Sunday, October 10, 1999

'Live On' breaks Shepherd from pack

The Cincinnati Enquirer

        The purists who have reviled Kenny Wayne Shepherd for trying to fill Stevie Ray Vaughan's boots will have to find a new whipping boy.

        Live On, in stores Tuesday, moves the guitarist completely out of the shadow of the late Texas blues great.

        Blues remains the common denominator for Mr. Shepherd, but here he dips all the way to the early '70s. Working with Cincinnati singer Noah Hunt, the result is state-of-the-art blues-rock.

        “In 2 Deep” opens the 14-song disc with a guitar barrage and desperate lyrics — “Hard to know the devil when he looks like your best friend.”

        Just when you think it's just another KWSB album, “Was” moves in on steel-bodied slide guitar, galloping beats and masterful dynamics. Next, a cover of Jimi Hendrix's “Them Changes” stands out for Mr. Hunt's clear vocals.
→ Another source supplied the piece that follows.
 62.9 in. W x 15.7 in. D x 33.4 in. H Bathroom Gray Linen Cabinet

        “Last Goodbye” loses the blues in an Allman-esque ballad that shows Mr. Hunt's warm side and allows Mr. Shepherd to display gentler licks.
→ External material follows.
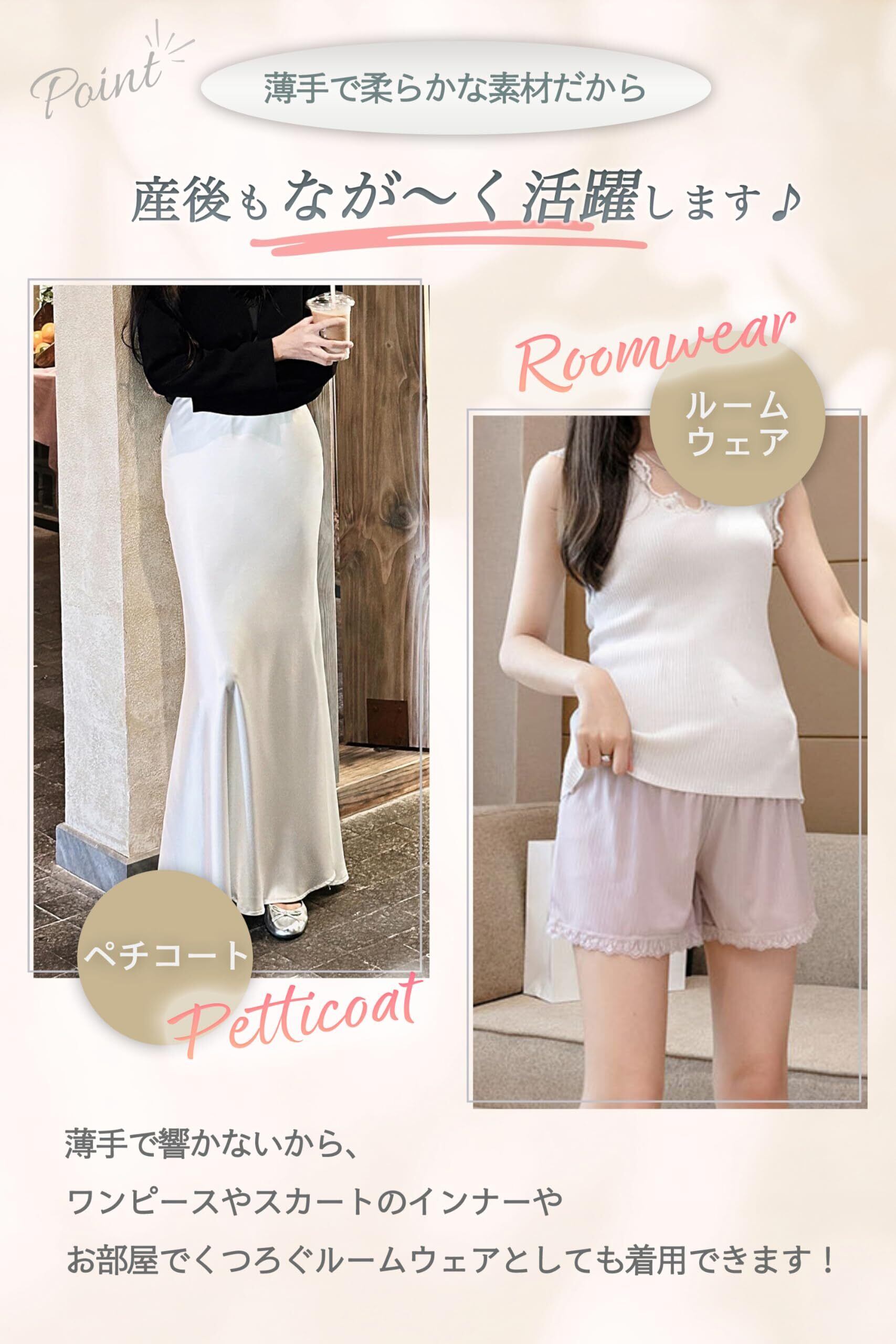 妊娠初期から産後まで使える調節可能なハイウエスト設計。 チクチクしない肌に優しいレース付きで可愛く、さらっと快適な薄手素材。 締め付けずリラックスでき、インナーやショートパンツとしても着用できます。 おしゃれも快適さも叶える一枚です。

        It's the perfect setup for the firestorm of “Shotgun Blues.” Co-written with Mr. Hunt, it's the best blues Mr. Shepherd has recorded, an Austin-style boogie shuffle.

        “Now I'm a man, baby, I ain't a boy no more,” Mr. Hunt gruffly sings. He might well be describing his bandleader's new, mature sound.

        Live On is filled with echoes of the genre-blending bands of 30 years ago. “Oh Well” covers Fleetwood Mac in its blues days, when its leader was the brilliant guitarist Peter Green. The KWSB's rocking version cuts away the original's psychedelia for a take-no-prisoners attack.

        “Every Time It Rains” is the best example of the KWSB's new direction. Bluesy, yet uncliched, it plays strong vocals against relentless rhythms and slashing slide.

        The title ballad is another stylistic leap, celebrating survival in a country melody and gospel chorus.

        The disc ends with the delicate instrumental “Electric Lullaby,” another new sound for the guitarist.

        Live On moves the KWSB in many new directions, all worth the trip.